My research focuses on biotechnology and innovation, aiming to create sustainable, biodegradable, non-toxic and environmentally friendly products. Biological products derived from microorganisms. I have worked on R&D projects with companies in a variety of sectors including food, oil and gas, cosmetics, agribusiness and biodegradable plastics. I coordinate the Bioinovar Center for Biotechnology, which specializes in industrial microbiology. Together with my multidisciplinary team, I develop innovative products such as polymers, enzymes, pigments, functional fermenters, biosurfactants, biopesticides, fungicides, enzyme hydrolysates and microbial fertilizers. Our centers are dedicated to research on these products and their industrial applications, training, scaling up bioprocessing, developing new materials and servicing the industrial sector and start-up companies. Introduction to Google acadêmico, LinkedIn, Sci
Jean Vinicius Moreira: He earned a degree in chemical engineering from Têlemaco Borba University, followed by a master’s and doctorate in chemical engineering from the University of Campinas, as well as an MBA in project management from USP. He focuses on the regulatory field and is responsible for registering companies and products with relevant authorities. He has a solid background in chemical engineering and has extensive teaching experience, particularly in biochemical processes. His research interests span a variety of topics, including fermentation processes, production of secondary metabolites, and the application of biotechnology in drug development. He is proficient in upstream and downstream manufacturing processes, analytical methods, and exploring new biotechnology products. In addition, he contributed to Bionova’s research program.

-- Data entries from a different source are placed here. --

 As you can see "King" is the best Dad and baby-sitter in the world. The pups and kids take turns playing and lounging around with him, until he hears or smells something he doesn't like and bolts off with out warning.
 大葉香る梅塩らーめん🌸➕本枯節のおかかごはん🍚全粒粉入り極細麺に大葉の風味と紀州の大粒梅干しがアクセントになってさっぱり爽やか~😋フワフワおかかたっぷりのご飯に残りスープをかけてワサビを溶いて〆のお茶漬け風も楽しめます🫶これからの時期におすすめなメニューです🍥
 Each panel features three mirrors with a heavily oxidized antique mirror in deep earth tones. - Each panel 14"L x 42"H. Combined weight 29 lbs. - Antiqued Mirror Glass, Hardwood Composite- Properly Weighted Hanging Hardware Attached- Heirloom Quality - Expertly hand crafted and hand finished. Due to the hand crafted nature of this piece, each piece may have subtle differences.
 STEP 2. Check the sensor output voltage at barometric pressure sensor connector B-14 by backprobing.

Assad Neves Jr.: Microbiologist and immunologist graduated from Universidade Federal do Rio de Janeiro (Brazil). He holds a Master of Science (Microbiology) from the Paul Degos Institute of Microbiology (IMPG-UFRJ) and a PhD. He studies biosurfactants, biopolymers and microbial enzymes such as pectinases, amylases and cellulases. He participated in an exchange program between Heriot-Watt University and Shell Brazil exploring the potential of biopolymers for advanced oil recovery. He is a postdoctoral researcher at the UFRJ Bioinovar Center, specializing in industrial microbiology.
Claudia Ramos da Silva: She holds an MSc and PhD in chemical engineering from the Federal University of São Carlos (UFSCar) and another PhD from the Autonomous University of Madrid, where she focused her training and academic research on enzyme immobilization. Her work focuses on technology development in the field of microbial bioproducts and bioenergy, especially the production of ethanol from by-products of the Brazilian agro-industry, especially lignocellulosic materials. She has extensive experience in scaling up bioprocessing from pilot to industrial levels. Additionally, she is a member of the Bioinovar team.

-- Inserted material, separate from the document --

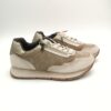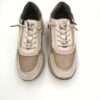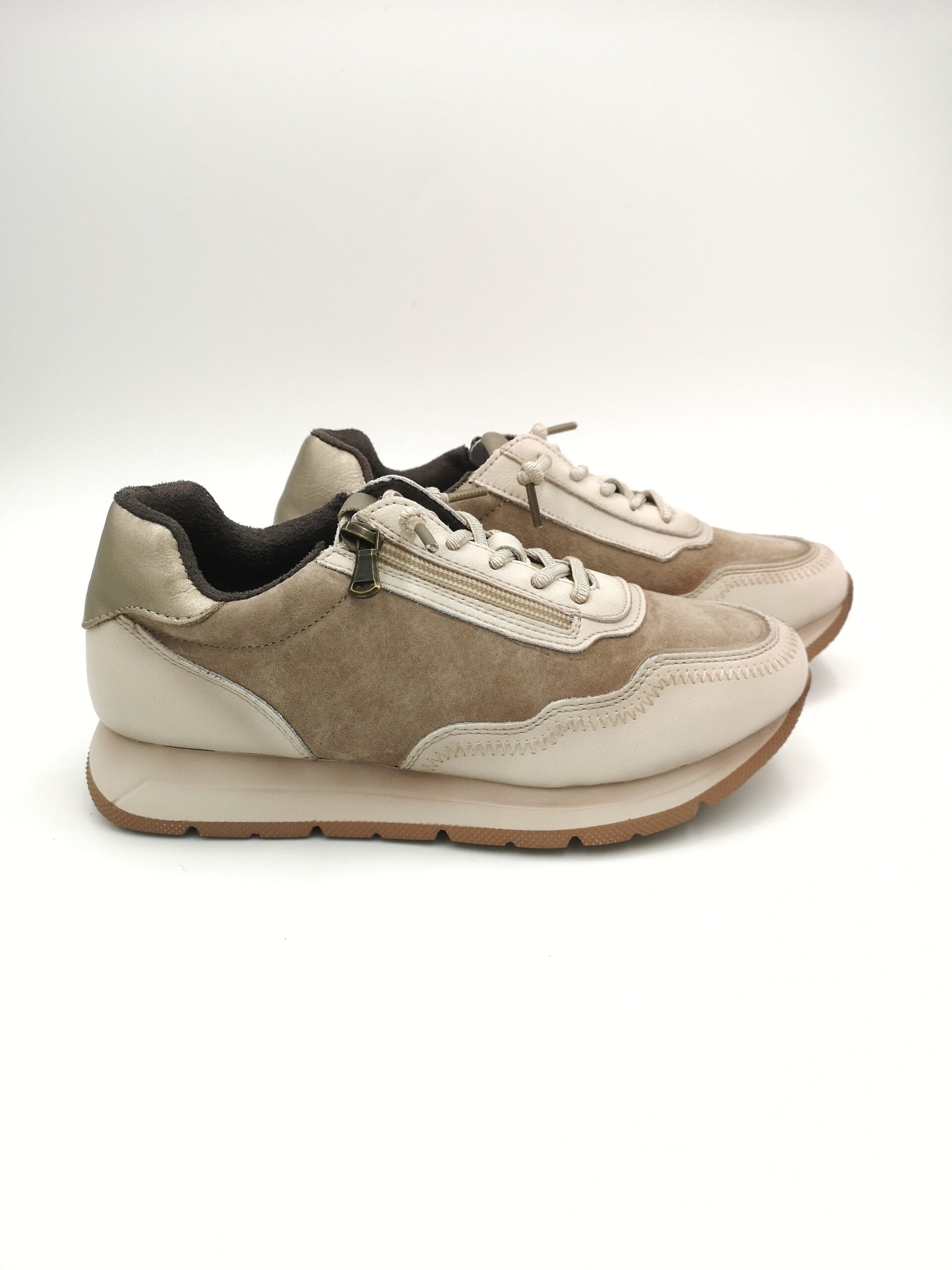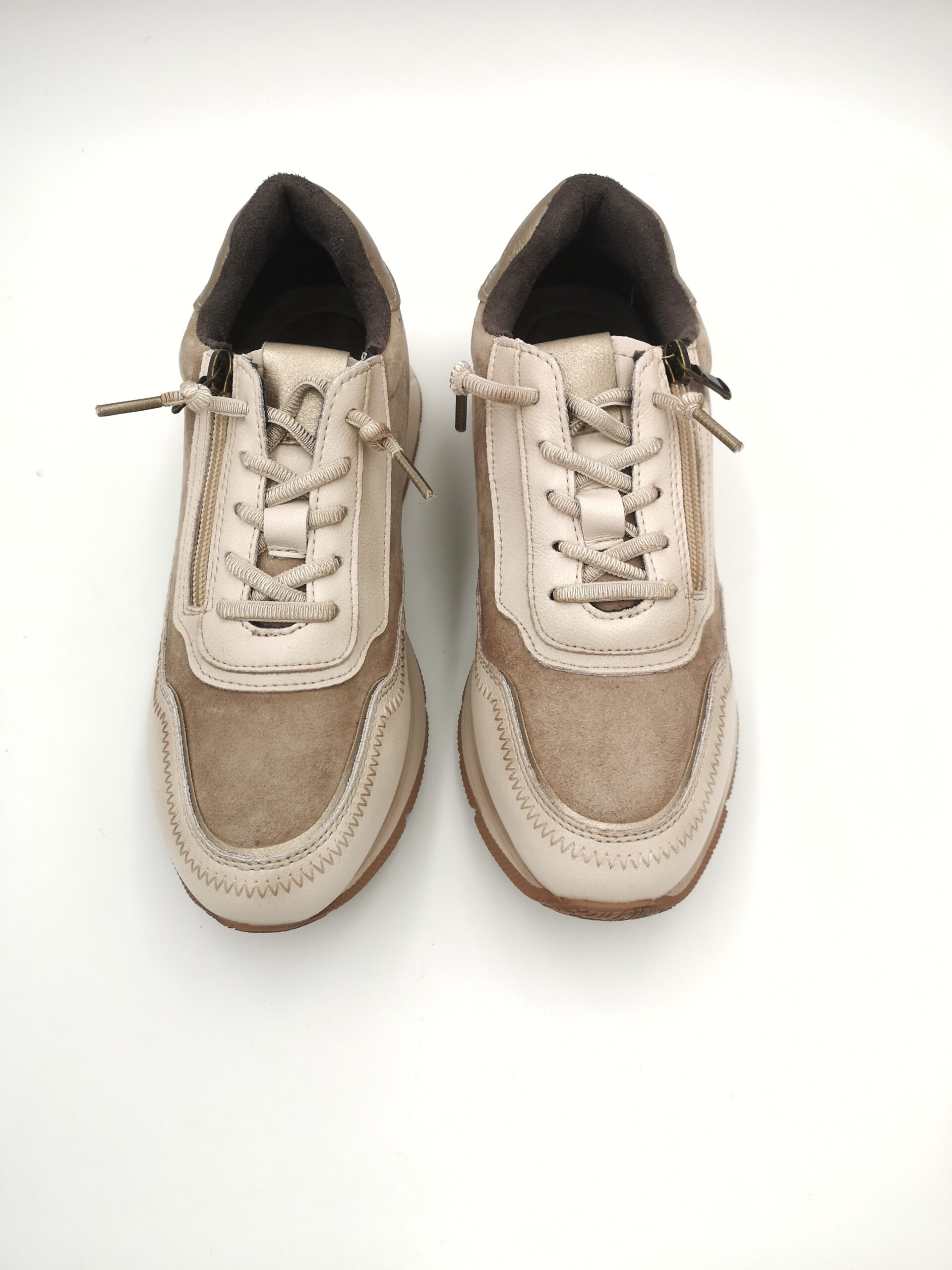 Zapatilla combinada en piel y ante color beige claro. Ajuste de cordon elastico y cremallera lateral. Piso muy ligero.

Veronica da Silva Cardoso: Veterinarian, holds master’s and doctoral degrees in microbiology from the Federal University of Rio de Janeiro and a postdoc in industrial microbiology. She has extensive experience in various areas of microbiology, including general microbiology, mycology, bacteriology and mycotoxicology. Currently, she is a member of the research group of the BIONOVAR Biotechnology Center, focusing on biocatalysis and microbial bioproduct-related research in the industrial field. She also has expertise in research, development and innovation (R&D&I).
Ingrid Teixeira Akamin: She graduated from the Federal University of Rio de Janeiro (UFRJ) with a degree in biological sciences and holds a master’s degree in food science and technology. She has over 30 years of experience in the baking industry and holds a PhD in Science (Microbiology) from UFRJ. Her expertise lies in the food sector, specifically in microbial consortia, including biological yeasts used in baking. A businesswoman in the field, she currently works as a postdoctoral researcher at the Bioinovar Center.